CARRIAGE SERVICES, INC.

                        1996 DIRECTORS' STOCK OPTION PLAN

             AS AMENDED AND RESTATED EFFECTIVE AS OF JANUARY 7, 1997

                             (1) PURPOSE OF THE PLAN

      The CARRIAGE SERVICES, INC. 1996 DIRECTORS' STOCK OPTION PLAN (the "Plan")
is intended to promote the interests of CARRIAGE SERVICES, INC., a Delaware
corporation (the "Company"), and its stockholders by helping to award and retain
highly-qualified independent directors, and allowing them to develop a sense of
proprietorship and personal involvement in the development and financial success
of the Company. Accordingly, the Company shall grant to directors of the Company
who are not executive officers of the Company ("Eligible Directors") the option
("Option") to purchase shares of the Class A common stock of the Company
("Stock"), as hereinafter set forth. Options granted under the Plan shall be
options which do not constitute incentive stock options, within the meaning of
section 422(b) of the Internal Revenue Code of 1986, as amended.

      The Plan as set forth herein constitutes an amendment and restatement,
effective as of the date this amendment and restatement of the Plan is approved
by stockholders of the Company (the "Restatement Effective Date"), of the
Carriage Services, Inc. 1996 Nonemployee Directors' Stock Option Plan, as
previously approved by the stockholders of the Company, and shall supersede and
replace in its entirety such plan.

                              (2) OPTION AGREEMENTS

      Each Option shall be evidenced by a written agreement (an "Option
Agreement"). Options shall not be exercisable after the expiration of ten years
from the date of grant thereof unless otherwise specified in an Option
Agreement. Each Option Agreement shall provide that an Option and all rights
granted thereunder shall not be transferable otherwise than (i) by will or the
laws of descent and distribution, (ii) pursuant to a qualified domestic
relations order as defined by the Code or Title I of the Employee Retirement
Income Security Act of 1974, as amended or (iii) with the consent of the Board
of Directors of the Company (the "Board").

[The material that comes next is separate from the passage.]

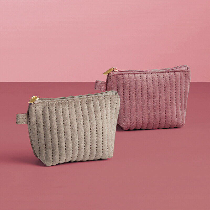 ヌベルース・キルティングポーチ 60個セット販売 バッグに入れてもかさばらないサイズ感と、生地のかわいらしさが魅力。シックなカラーもポイント

                    1. ELIGIBILITY OF OPTIONEE; OPTION AWARDS

      A. Options may be granted only to individuals who are Eligible Directors
of the Company and who do not currently participate in any other stock incentive
plan of the Company.

      A director who had previously received options under another stock
incentive plan of the Company which are still outstanding, but who does not
receive options during the current calendar year under



any other stock incentive plan of the Company, shall be eligible to participate
in the Plan during the current calendar year.

      B. Each Eligible Director who is elected or appointed to the Board for the
first time after the Restatement Effective Date of the Plan shall receive, as of
the date of his or her election or appointment and without the exercise of the
discretion of any person or persons, an Option exercisable for (i) 15,000 shares
of Stock (subject to adjustment in the same manner as provided in Paragraph VII
hereof with respect to shares of Stock subject to Options then outstanding) if
such Eligible Director is not also appointed to the Company's Executive
Committee on such date or (ii) 25,000 shares of Stock (subject to adjustment in
the same manner as provided in Paragraph VII hereof with respect to shares of
Stock subject to Options then outstanding) if such Eligible Director is also
appointed to the Company's Executive Committee on such date.

      C. As of the date of the annual meeting of the stockholders of the Company
in each year that the Plan is in effect as provided in Paragraph VI hereof, each
Eligible Director then in office or elected to the Board on such date shall
receive, without the exercise of the discretion of any person or persons, an
Option exercisable for 6,000 shares of Stock (subject to adjustment in the same
manner as provided in Paragraph VII hereof with respect to shares of Stock
subject to Options then outstanding).

      D. If, as of any date that the Plan is in effect, there are not sufficient
shares of Stock available under the Plan to allow for the grant to each Eligible
Director of an Option for the number of shares provided herein, each Eligible
Director shall receive an Option for his or her pro-rata share of the total
number of shares of Stock then available under the Plan. All Options granted
under the Plan shall be at the Option price set forth in Paragraph V hereof and
shall be subject to adjustment as provided in Paragraph VII hereof.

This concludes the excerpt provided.